The strings held the wizardry in. Inside it, air was briefly stone again, as solid to walk on as it would have been a billion years back, before ancient eruption and the warming sun on Earth’s crust let the atmosphere’s future components out. Shortly, when Rhiow was down, it would be free as air again. But like all the other elements—in fact, like all matter, when you came down to it, sentient or not—air was nostalgic, and enjoyed being lured into being as it had been once before, long ago, when things were simpler.
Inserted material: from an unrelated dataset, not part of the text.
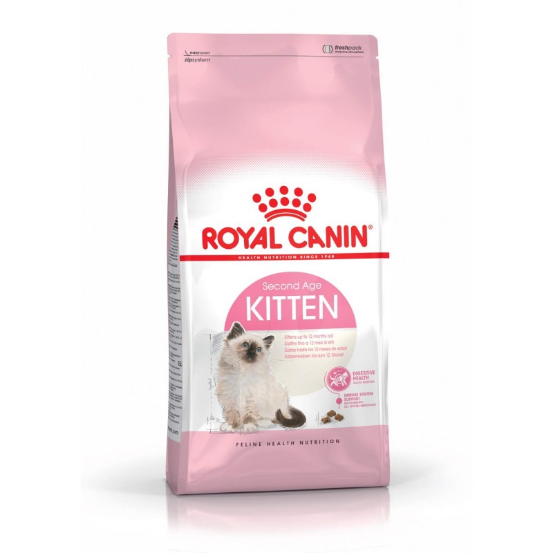 Royal Canin Kitten es un alimento para los gatitos de los 4 a los 12 meses de edad. Seguridad digestiva ultra-reforzada: Gracias al uso de proteínas altamente digestibles, que limitan el contenido de residuos fermentables en el intestino, de fructo-oligosacáridos, de pulpa de remolacha (que equilibran la flora intestinal) y de EPA/DHA (que protegen la membrana de la mucosa intestinal). Especificaciones Refuerzo de las defensas naturales: Gracias a un complejo sinérgico patentado de antioxidantes (vitaminas E y C, luteína y taurina) y manano-oligosacáridos, que estimulan la producción de anticuerpos. Reducción del olor de las heces: Gracias a un alto contenido en proteínas L.I.P.*, seleccionadas por su alto nivel de asimilación (90 % de digestibilidad), que reducen la cantidad de residuos fermentables en el intestino. *Proteína seleccionada por su elevada asimilación. Enriquecido con DHA: El programa de crecimiento ha sido especialmente formulado por los nutrólogos de Royal Canin, integrando las más recientes innovaciones nutricionales

Eight feet above the ground, where the surrounding walls were all bund, Rhiow paused. I could jump on that rat, she thought. Once again she saw the rustle and flicker of motion, heard the nasty yummy squeak-squeal from inside one of the black plastic garbage bags. Involuntarily, Rhiow’s jaw spasmed, chattering slightly—the spasm that would break the neck of the prey clenched in it. Her mouth watered. Not that she would eat a rat, indeed not: filthy flea ridden things, Rhiow thought, and besides, who knows what they’ve been eating. Poison, half the time. But cornering one, hitting it, feeling the body bruise under your paw and hearing the squeal of pain: that was sweet. Daring the rat’s jump at your face, and the yellowed teeth snapping at you— and then, when it was over, playing with the corpse, tossing it in the air, celebrating again in your own person the old victory against the thing that gnaws at the root of the Tree—

No time this morning, she thought, and you’re wasting energy standing here. Let the air get on with doing what it has to. Carrying smog around, mostly…

She went down the last few almost-invisible steps, jumping over the final ones to the dusty brick-paved surface of the alley. The noise inside the garbage bag abruptly stopped.